Dycine Pharma is proud to announce that it will host the International GMP Compliance Forum 2025, a high-level global gathering focused on best practices, emerging challenges, and the future of Good Manufacturing Practices (GMP) in the pharmaceutical industry. The event will take place on August 12–14, 2025, at the Dycine Innovation Campus in Hyderabad, India.
The forum is expected to bring together regulatory authorities, manufacturing leaders, quality assurance experts, compliance officers, and policy advocates from over 25 countries, including delegates from the US FDA, EMA, CDSCO, WHO, and other leading international health bodies.
“Hosting this forum is both an honor and a responsibility,” said Mr. Sameer Rathi, Head of Compliance at Dycine Pharma. “At a time when global health relies on agile, transparent, and harmonized systems, GMP is the common language that unites us. This forum will be a collaborative space to shape its evolution.”
The 3-day event will feature panel discussions, technical workshops, and live facility walkthroughs showcasing Dycine’s integrated digital compliance systems and AI-enabled quality control protocols. The agenda will also cover key topics such as:
- Harmonizing GMP standards across geographies
- Leveraging data analytics for proactive compliance
- Managing inspections in a post-pandemic world
- Digital batch records and documentation automation
- Sustainability practices in GMP-certified environments
Dycine Pharma, known for its robust manufacturing systems and consistent regulatory track record, was selected to host the forum due to its commitment to setting industry benchmarks in quality, safety, and compliance. The company’s ongoing investment in smart manufacturing infrastructure and its zero-deviation audit history from global agencies make it a model for next-gen compliance excellence.

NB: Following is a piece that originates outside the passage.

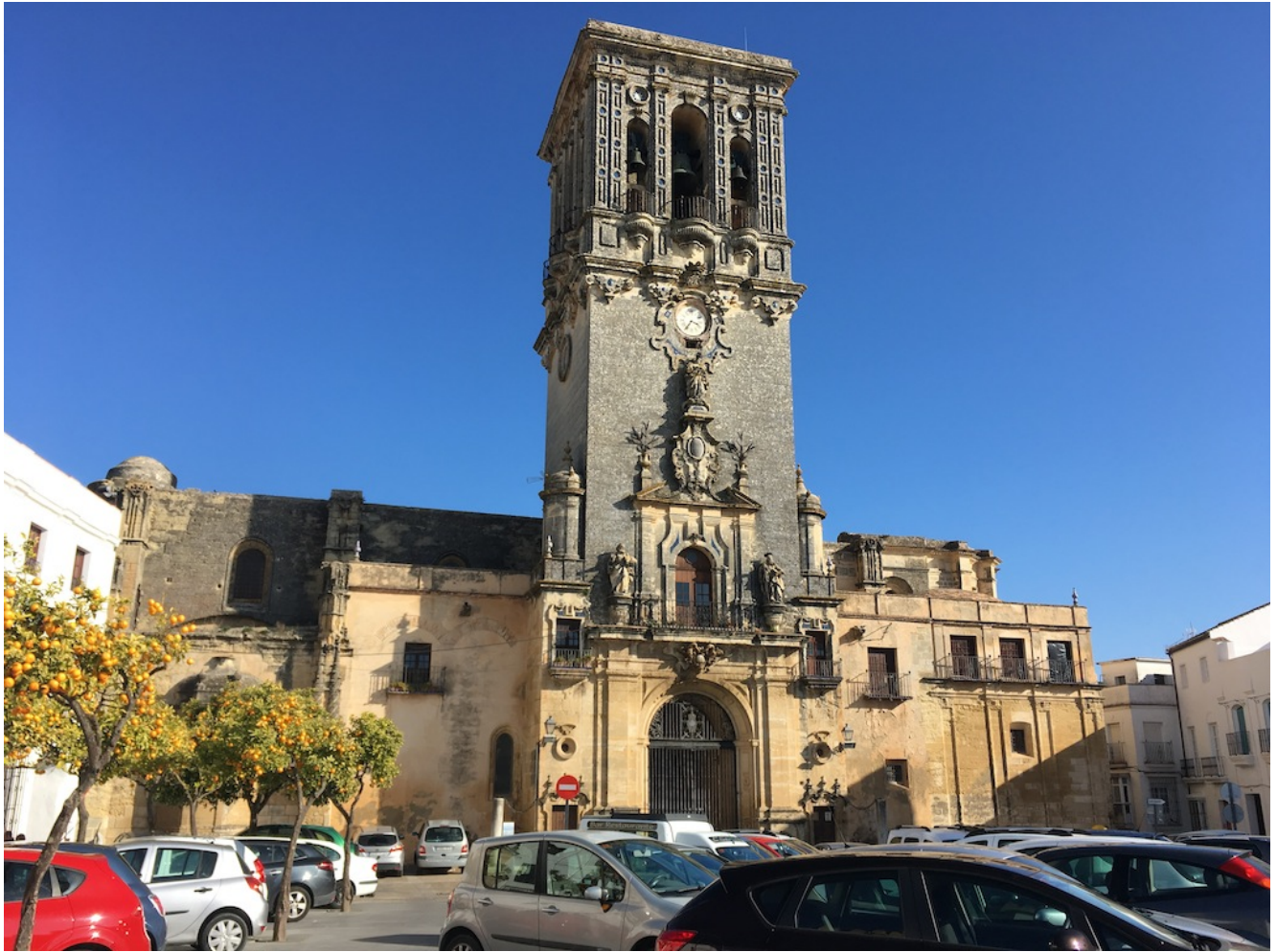
Basílica Menor de Santa María de la Asunción

“This isn’t just about compliance—it’s about trust,” said Dr. Kavita Sharma, Chief Technical Officer at Dycine. “Patients across the world rely on every pill, vial, or tablet we make. This forum reflects our commitment to building that trust through education, collaboration, and innovation.”
Attendees will also receive an exclusive tour of Dycine’s new Quality Intelligence Center, an R&D-driven hub designed to test and validate real-time quality improvements using AI, robotics, and digital twins.
Registrations for the forum will open in early May, with limited seats available for in-person attendees and a virtual participation option for international delegates.
As global regulations evolve and expectations around transparency grow, Dycine Pharma’s initiative to lead such an important conversation demonstrates its proactive role in shaping the industry’s regulatory future.
The International GMP Compliance Forum 2025 isn’t just a conference—it’s a commitment to global pharmaceutical integrity.